"Set me as a seal upon thine heart, as a seal upon thine arm: for Love is strong as death; Jealousy is cruel as the grave: the coals thereof are coals of fire, which hath a most vehement flame. Many waters cannot quench Love, neither can the floods drown it: if a man would give all the substance of his house for Love, it would utterly be contemned."

"You read, sir?" he said interrogatively; and, putting on his spectacles, glanced over my shoulder.

"Ah! sir, fifty-eight years ago, I was young like you, and it was then I noted those two verses. You are young," he continued, "and perhaps have loved."

"No," I replied; "Heaven has not given me the opportunity of participating in one of its most essential blessings."

"Then, sir, Heaven has blessed you," he said. "I am old, you see; but I am alone in the world. Love has made me solitary." He sighed.

The old man seemed overcome with grief, and, desirous though I now was to hear his story, I dreaded to renew a sorrow, the intensity of which Time had not lessened. He drew forth in silence from his bosom, a miniature, suspended from his neck by a black ribbon, and with shaking hands he touched a spring, and held it unclapsed before me. It was the likeness of a girl about seventeen years of age. A loose robe partially covered her shoulders, and, the elbows resting on a kind of slab, her right cheek was cradled on the back of the left hand, the fingers of which touched her throat; and she looked, with laughing, light blue eyes, over her left shoulder. Her hair, parted slightly on one side, clustered in ringlets above a full, fair forehead; while a melancholy expression about her small, compressed mouth seemed to counteract the joyousness of the upper part of her countenance. The resemblance to the old man was striking.

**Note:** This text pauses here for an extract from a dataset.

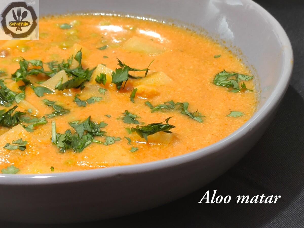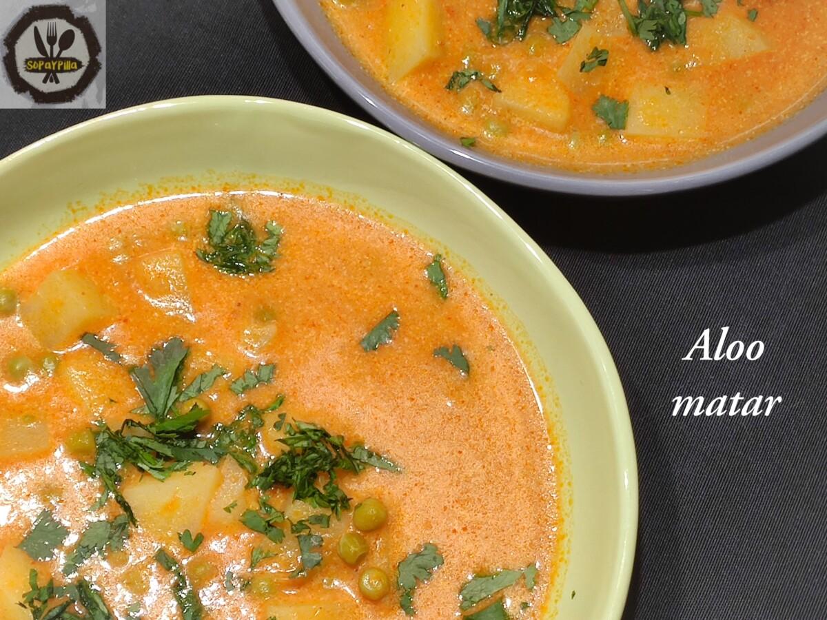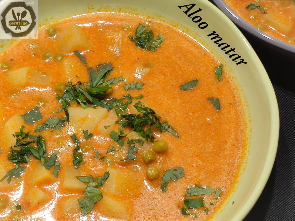 Lentrada Aloo matar (plato indio vegano) ha aparegut primer a Sopaypilla.
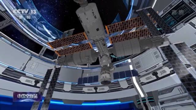 主持人 王言:现在从虚拟动画上也能够看到空间站的全构型,两个实验舱段应该就是看到的左右两边,梦天实验舱和问天实验舱。

"Sixty years ago, sir, I first saw that face, and it is as fresh in my memory as if I had only seen it yesterday. It was a face once to look on, to dream of for ever."

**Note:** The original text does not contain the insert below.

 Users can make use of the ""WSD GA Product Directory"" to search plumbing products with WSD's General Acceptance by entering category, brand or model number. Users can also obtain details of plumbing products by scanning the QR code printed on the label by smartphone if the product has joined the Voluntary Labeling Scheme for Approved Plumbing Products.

"It is very beautiful," I said, still gazing on the picture. "Was she your daughter?"

"Oh! no, sir, no. Would to God she had been!" the old man mournfully replied. "When, sir, I first saw that fair young creature, I was eighteen years of age, and she might have been seventeen. Endeavouring in vain to suppress the emotions which her beauty and amiable temper caused in my heart, I ventured one day to tell the father of Thora Rensel, for that was her name, the love I bore his daughter. Eric Rensel listened; and, when I had told my tale in words as fervent as my feelings, he replied, 'Engelbert Carlson, my daughter's hand is uncontrolled as her heart; win the girl's affections, and I will not stand in the way of your union.' I thanked Rensel with a grateful heart, and went forth to seek Thora.

"Do you see yonder hill?" said my narrator, pointing in the direction of a hill skirting some corn-fields before us; "there, close to that clump of elm-trees, stood Eric Rensel's cottage. Descending that hill, I met Thora, returning homewards, laden with a little basket full of fruit and flowers. She smiled when she observed me, and held out her hand, as she always did, in token of friendship. I hastened towards her, and, seizing the offered hand, pressed it warmly, and would have raised it to my lips, but I had not the courage.